It is with considerations like these in mind that Haselton and Funder (2006) suggested the existence of an evolved "personality judgment instinct." If such an instinct exists, they argue, the tendency to form spontaneous trait inferences should appear very early in childhood, and it appears that it does. Moreover, proficiency in drawing personality judgments should be ubiquitous, and it appears that this is the case as well. Indeed, Haselton and Funder (2006, pp. 30-31) observed that "consistent individual differences in judgmental ability have been surprisingly difficult to establish…Perhaps this is because personality judgment is such an essential life skill that nearly everyone can do it well enough to get by." Also consistent with the notion of a personality judgment instinct is some evidence showing that trait inferences – as opposed to other kinds of social inferences – are associated with activity in specific regions of the brain (Heberlein & Saxe, 2005). Bear in mind, of course, that it's extraordinarily tricky to draw conclusions about evolutionary adaptations – especially those that might actually qualify as instincts – solely on the basis of contemporary psychological observations (Conway & Schaller, 2002; Schmitt & Pilcher, 2004). Still, it's within the realm of possibility that our tendency to form fast and frugal first impressions is not merely a product of practice; it may actually be instinctual.

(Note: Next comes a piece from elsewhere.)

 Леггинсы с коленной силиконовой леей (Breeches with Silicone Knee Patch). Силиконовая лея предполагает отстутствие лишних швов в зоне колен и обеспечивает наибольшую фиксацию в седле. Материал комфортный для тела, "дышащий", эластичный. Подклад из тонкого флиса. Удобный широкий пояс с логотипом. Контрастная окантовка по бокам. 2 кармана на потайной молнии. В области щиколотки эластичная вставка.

Inferences About What: The Contents of First Impressions


OK, so we form first impressions; but just what do we form these impressions about? What specific kinds of inferences do we draw? We know, of course, that our minds are agile and responsive to whatever objective information is picked up by our sensory systems; and so we can, conceivably, form first impressions that focus on just about any kind of trait at all. But if our mind evolved to facilitate fitness-enhancing behavior, then we may be predisposed to be on the lookout especially for information bearing on the potential perils and prospects of social life. Accordingly, we may also be adaptively predisposed to form impressions more readily about certain kinds of traits than about others.

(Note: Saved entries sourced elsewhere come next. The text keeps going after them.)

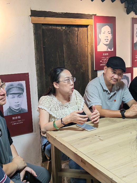 随后,教师党员们与洋尾村干部围坐一堂,就“庄寨+旅游”的发展模式展开了深入的交流与探讨。党员们结合专业视角,为当地文化旅游产业的创新发展提出了诸多富有前瞻性的见解与建议,党支部副书记、地理科学系主任陈郁青教授总结道:“同安镇庄寨建筑特色鲜明、文化底蕴深厚,具有丰富的历史文化价值、美学价值和建筑艺术价值,是永泰县不可多得的金名片。目前,在各级领导的支持和村干部、村民的努力下,同安镇的庄寨旅游已经打开了良好的局面。但是仍存在保护力度不足、庄寨文化挖掘不够深入、旅游基础设施薄弱、旅游项目单一等问题。”如何使同安镇的历史文化资源在保护的基础上得到更好的活化利用,进一步提升其旅游经济价值,陈教授认为:“首先要充分挖掘打庄寨的建筑文化、防御文化、耕读文化、家风文化等,打造庄寨文化品牌,讲好庄寨故事;其次要提高旅游发展定位,优化自然本底,完善基础设施,串点成线、以点带面,联动发展;要打造体验性旅游项目,完善旅游要素,延长旅游链条;同时要平衡好利益相关者关系,激发民众爱家爱乡情怀,做到全民参与,全域开发。”现场气氛热烈而融洽,展现了党建引领下的智慧碰撞与思想火花。
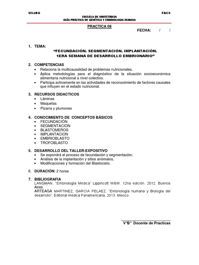 Practica 08 Y 09 2 Pdf Implantacion Embrion Humano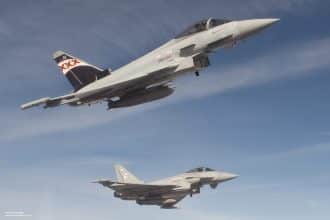 Air-to-Air image of RAF Typhoon Display Jet’s first flight with newly painted tail

From an evolutionary perspective, the ultimate goal is the reproduction of one's genes. Behaviors that promote genetic reproduction (mating, provision of resources to offspring, etc.) are more difficult to produce if one is injured, destitute, dying, or dead. For that reason, some of the most evolutionarily fundamental psychological goals pertain to the avoidance of (or defense against) other people who might harm us, cheat us, or kill us. That requires that we know – or at least make a reasonable first guess – whether someone is nasty or nice. From an evolutionary perspective, no other kind of inference probably matters quite so much.

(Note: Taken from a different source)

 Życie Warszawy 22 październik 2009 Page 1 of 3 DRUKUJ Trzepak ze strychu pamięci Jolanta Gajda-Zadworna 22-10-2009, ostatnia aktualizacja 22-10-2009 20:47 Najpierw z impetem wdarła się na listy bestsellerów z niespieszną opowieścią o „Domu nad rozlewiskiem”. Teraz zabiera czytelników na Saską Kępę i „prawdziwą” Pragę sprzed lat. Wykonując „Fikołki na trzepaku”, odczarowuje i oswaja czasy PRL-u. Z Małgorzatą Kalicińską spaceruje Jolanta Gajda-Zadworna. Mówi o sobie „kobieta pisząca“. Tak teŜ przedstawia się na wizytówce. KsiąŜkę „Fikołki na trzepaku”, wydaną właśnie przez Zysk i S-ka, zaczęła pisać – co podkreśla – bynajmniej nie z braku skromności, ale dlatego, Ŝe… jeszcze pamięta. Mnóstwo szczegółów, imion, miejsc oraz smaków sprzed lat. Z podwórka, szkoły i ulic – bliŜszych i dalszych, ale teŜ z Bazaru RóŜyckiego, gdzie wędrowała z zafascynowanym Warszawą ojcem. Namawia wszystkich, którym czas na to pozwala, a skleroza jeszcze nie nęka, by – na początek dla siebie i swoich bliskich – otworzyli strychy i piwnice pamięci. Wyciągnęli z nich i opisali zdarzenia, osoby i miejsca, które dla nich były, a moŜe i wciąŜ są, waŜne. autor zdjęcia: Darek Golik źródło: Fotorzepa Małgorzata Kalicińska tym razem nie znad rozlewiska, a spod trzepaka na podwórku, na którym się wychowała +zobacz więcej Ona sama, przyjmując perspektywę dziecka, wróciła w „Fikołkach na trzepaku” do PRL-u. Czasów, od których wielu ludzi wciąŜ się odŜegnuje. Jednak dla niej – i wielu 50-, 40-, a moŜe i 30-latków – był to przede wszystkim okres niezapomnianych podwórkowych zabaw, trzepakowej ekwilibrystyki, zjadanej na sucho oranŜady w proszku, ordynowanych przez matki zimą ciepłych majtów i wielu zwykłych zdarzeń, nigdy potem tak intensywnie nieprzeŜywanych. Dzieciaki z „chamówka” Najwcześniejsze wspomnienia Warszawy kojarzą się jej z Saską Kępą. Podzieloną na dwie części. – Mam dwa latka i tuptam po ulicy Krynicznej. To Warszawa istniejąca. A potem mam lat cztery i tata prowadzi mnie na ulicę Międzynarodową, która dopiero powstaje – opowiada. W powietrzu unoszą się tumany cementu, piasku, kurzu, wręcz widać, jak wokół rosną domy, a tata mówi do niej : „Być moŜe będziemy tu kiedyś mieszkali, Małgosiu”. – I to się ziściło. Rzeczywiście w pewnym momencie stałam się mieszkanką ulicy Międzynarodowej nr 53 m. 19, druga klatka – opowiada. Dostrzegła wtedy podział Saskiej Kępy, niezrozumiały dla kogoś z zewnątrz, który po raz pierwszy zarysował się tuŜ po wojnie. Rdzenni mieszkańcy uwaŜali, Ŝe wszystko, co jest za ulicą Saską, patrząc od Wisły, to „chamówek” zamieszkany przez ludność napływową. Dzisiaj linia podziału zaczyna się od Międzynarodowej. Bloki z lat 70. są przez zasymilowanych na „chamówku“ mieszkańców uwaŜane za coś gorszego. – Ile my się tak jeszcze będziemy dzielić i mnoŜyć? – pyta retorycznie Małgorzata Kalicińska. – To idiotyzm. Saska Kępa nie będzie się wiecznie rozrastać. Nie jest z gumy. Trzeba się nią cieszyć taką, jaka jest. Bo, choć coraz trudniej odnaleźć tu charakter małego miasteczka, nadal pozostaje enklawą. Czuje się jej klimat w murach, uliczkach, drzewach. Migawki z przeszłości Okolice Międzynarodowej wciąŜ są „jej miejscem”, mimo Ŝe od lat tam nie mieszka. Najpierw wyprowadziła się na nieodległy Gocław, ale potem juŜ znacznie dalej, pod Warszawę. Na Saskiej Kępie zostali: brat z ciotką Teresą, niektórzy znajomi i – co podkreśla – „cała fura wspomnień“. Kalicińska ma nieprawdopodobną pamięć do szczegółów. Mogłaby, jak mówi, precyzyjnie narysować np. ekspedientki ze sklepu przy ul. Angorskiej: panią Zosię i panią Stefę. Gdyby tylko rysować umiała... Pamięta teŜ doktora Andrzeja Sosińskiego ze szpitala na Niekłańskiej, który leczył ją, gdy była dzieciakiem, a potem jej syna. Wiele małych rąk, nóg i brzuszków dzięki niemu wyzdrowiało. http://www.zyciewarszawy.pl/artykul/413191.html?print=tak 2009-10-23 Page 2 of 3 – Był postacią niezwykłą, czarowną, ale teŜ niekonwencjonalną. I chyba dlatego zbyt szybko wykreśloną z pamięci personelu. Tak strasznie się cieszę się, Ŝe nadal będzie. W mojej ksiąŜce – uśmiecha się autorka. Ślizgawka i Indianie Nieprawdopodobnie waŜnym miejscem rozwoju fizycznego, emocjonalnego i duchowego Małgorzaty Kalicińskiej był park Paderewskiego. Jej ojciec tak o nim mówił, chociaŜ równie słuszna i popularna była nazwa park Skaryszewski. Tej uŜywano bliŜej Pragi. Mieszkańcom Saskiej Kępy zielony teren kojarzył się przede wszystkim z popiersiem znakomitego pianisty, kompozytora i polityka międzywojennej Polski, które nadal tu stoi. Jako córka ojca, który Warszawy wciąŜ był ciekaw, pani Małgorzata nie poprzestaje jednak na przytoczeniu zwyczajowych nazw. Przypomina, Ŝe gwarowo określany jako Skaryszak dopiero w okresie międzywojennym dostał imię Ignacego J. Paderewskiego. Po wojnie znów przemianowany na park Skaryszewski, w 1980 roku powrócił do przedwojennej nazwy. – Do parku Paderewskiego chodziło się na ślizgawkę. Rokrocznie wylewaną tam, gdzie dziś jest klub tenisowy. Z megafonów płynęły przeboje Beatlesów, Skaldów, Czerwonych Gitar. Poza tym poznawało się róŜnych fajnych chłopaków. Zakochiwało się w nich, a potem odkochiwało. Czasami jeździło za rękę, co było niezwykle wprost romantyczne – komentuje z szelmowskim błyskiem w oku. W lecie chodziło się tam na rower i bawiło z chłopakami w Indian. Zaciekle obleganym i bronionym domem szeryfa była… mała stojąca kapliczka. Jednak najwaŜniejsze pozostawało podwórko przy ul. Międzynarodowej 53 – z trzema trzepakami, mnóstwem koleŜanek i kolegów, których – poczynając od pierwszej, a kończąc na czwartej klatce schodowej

The implication for the contents of first impressions is obvious. This implication is one of the classic findings in the study of first impressions: The most basic evaluative dimension is that of interpersonal warmth and agreeableness (Kelley, 1950; Peeters & Czapinski, 1990; see also Cottrell, Neuberg, & Li, 2007).

This adaptive perspective not only predicts the evaluative dimension along which first impressions are most likely to be formed, it also suggests that these first impressions are likely to be pulled especially easily toward the negative end of this dimension. Recall the smoke-detector principle again (Nesse, 2005). There may be grave fitness costs to me if you're really nasty but I think you're nice; there are more modest costs if you're really nice but I think you're nasty. The inferential implication is that a strongly negative interpersonal impression ("What a jerk!") may be formed on the basis of very little information, whereas a strongly positive impression ("What a wonderful guy!") may require a greater amount of informational input. In addition, a positive first impression may be easily reversed by additional information to the contrary, but a negative first impression may persist even in the face of contradictory information. These implications are borne out by extensive empirical evidence (Baumeister, Bratslavsky, Finkenauer, & Vohs, 2001; Rothbart & Park, 1986; Rozin & Royzman, 2001; Skowronski & Carlston, 1992).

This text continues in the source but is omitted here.